Стук каблуков вырывает Веру из задумчивости. Предугадывая, кем может оказаться гостья, она неохотно поднимается и медленно проходит в комнату. К ее удивлению, на коралловом диване расположилась вовсе не Вивиана, а незнакомая женщина – сосредоточенно склонившись над записной книжкой, она делала пометки.

– Добрый вечер, – вежливо произнесла Вера.

– Привет! – небрежно откликнулась женщина, продолжая изучать исписанные листки. Наконец, оторвавшись от еженедельника, подняла голову и с явным недоумением уставилась на Веру. – Я – Сандра. Мне велено позаботиться о том, чтобы ты получила все необходимое…

Произнося эти слова, она даже не пыталась тактично скрыть изумления, овладевшего ею, а скорее наоборот, посчитала вполне уместным донести до собеседницы свои впечатления. Вера опустилась в кресло и застыла, найдя в себе наконец силы отстраниться и, надев маску, стереть с лица охватившие ее эмоции. «Мы с вами похожи гораздо больше, чем вам кажется, – мысленно обратилась она к новой знакомой. – Вы такая же неживая, как и я, только мне, возможно, удастся вернуться, а вот вам…» И все же безжизненность каждой из них, отзеркаливая пройденные этапы, носила иной характер: в то время, как из Веры энергию уносила боль – физическая и моральная, Сандру неживой делало бездушие или, иными словами, пришедший на смену старательно убитой души тотализатор. Глаза казались единственным огоньком жизни на этом смазливом, полностью переделанном лице. Скулы, губы, нос и тонны ботокса, отметила Вера, замороженное лицо и эмоции, вот только суть неизменно рвется наружу. «А ведь и Элена жестока, – размышляла Вера, – но в ней жестокость причудливо смешалась с человечностью, умом и неординарностью…» В сканирующих же ее глазах, равнодушных и бесчувственных, проглядывались хищность натуры, алчность и бессердечие – примитивное и серое. На нее устремился взгляд – калькулятор, оценивающий человека как неодушевленный предмет, прикидывающий его ценность, взгляд, обличающий особь, для которой выбросить без малейших раздумий и сантиментов не подошедший «товар» за ненужностью было обыденной частью жизни. Вот и сейчас, задумчиво проводя рукой по длинным пепельным волосам, женщина недоумевала: с какой стати ей велено тратить время на эту девицу???

– Если я верно поняла, – проговорила она с нарочитой заботливостью, – у тебя ничего нет? Придется одеть тебя с головы до ног?
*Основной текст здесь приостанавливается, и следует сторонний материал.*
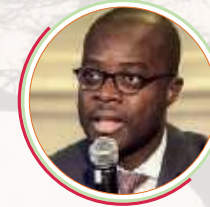
KHALED IGUÉ Économiste et Président Club 2030 Afrique
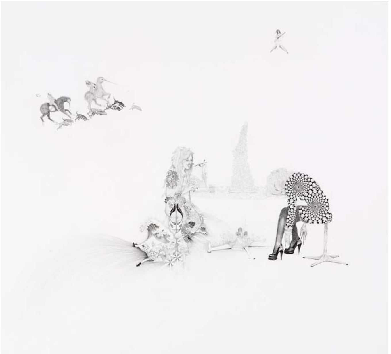
Sans titre , 2008, 120 x 115 cm, crayon gris sur papier
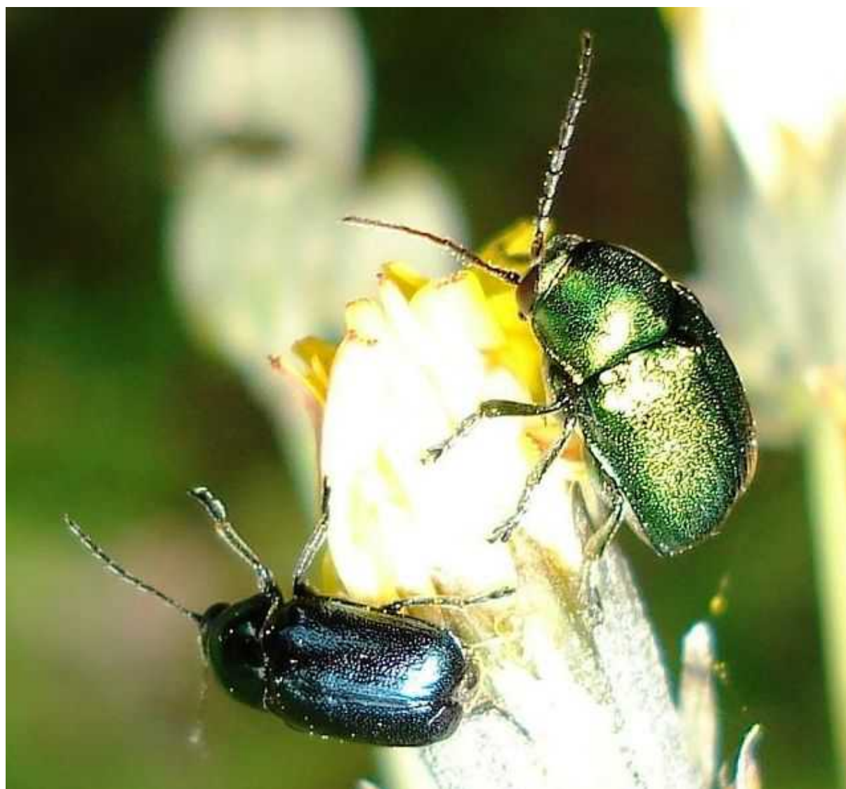
Cryptocephalus cf. hypochaeridis dos variantes

Cryptocephalus hypochaeridis – Mide de 4,5 a 5,7 mm de longitud. Color del cuerpo verde o azul violeta con reflejos metálicos. Pronoto con punteado fino, y escutelo ligeramente puntiagudo. El adulto se alimenta de polen de diversas flores, especialmente amarillas. Se diferencia de Cryptocephalus aureolus y C. violaceus en su menor tamaño y en la presencia de puntos elitrales finos y bien alineados.
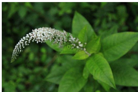
オコトラノオ(坂本)

改めて周囲を見渡すと、鹿が好むと考えられているアオキが生えており、他にもヤマユリ、ハリギリなど様々な植物が生えていました。きっとここは急すぎて鹿も来ない場所なのでしょうね。花も見られたし、何より無事に帰還できてよかった～。陸地からのアクセスが難しい場所は、今後は水辺からアクセスするのがいいかも。そろそろボートの出番かな？（成沢）

Вера вспыхнула – это было сказано тоном благородной дамы, готовой облагодетельствовать нищенку – и едва заметно кивнула.

– Ну, это будет не так просто… – протянула Сандра. – Я имею в виду грамотно подобрать гардероб… ты ставишь меня в затруднительное положение, ограничивая в выборе – выглядишь, мягко говоря, не очень презентабельно. У тебя случайно не анорексия? Ладно, это не мое дело, – не дожидаясь ответа, бросила она и продолжила: – Одежда должна подчеркивать то, что в наличии, и скрывать то, что желательно не выпячивать. А у тебя на данный момент и подчеркивать нечего. Что поделать? Будем маскироваться.

– Не перенапрягайтесь, мне кажется у вас от умственного напряжения голова вот-вот лопнет, – иронично обронила Вера. – Поспешу облегчить вам задачу: мне нужно самое необходимое – удобная повседневная одежда. Вроде того, что на мне сейчас. Еще, если можно, джинсы и майки. Обувь без каблуков – балетки, лоферы и кеды. Все.

– Я уже поняла, – процедила женщина, весьма красноречиво оглядывая Веру. – В твоем случае это единственный допустимый вариант.

– Я знаю, – усмехнулась она. – Странно, что вы полагаете иначе.

– Дорогуша, я не полагаю, а уточняю, – прошелестела женщина ядовито-елейным голоском.

– Очень любезно с вашей стороны, – отозвалась Вера отстраненно-вежливым тоном.

Сандра, не двигаясь, продолжила демонстративно изучать ее: любопытство, озадаченность и насмешка смотрели на Веру из прищуренных голубых глаз, медленно скользивших по собеседнице, не обделяя вниманием ни сантиметра ее лица и тела. «Разве, что зубы не проверила, – подумала Вера, чувствуя, что начинает закипать. – Так, наверное, рабов рассматривали да лошадей».

– Желаете уточнить что-нибудь еще? – бесстрастно поинтересовалась она.

– Да нет… – натужно засмеялась женщина. – Я давно работаю и привыкла не задавать лишних вопросов. Но ты же понимаешь – нам женщинам свойственно любопытство… – Выдержав паузу, проговорила с напускной беспечностью: – Буду с тобой откровенна: я не знаю, ни кто ты, ни откуда взялась, ни зачем ты здесь. И знать не хочу. Не мое это дело, – поспешила прояснить она и продолжила игриво: – Но я не представляла тебя такой, милочка. В этот дом попадают девушки, соответствующие определенным стандартам…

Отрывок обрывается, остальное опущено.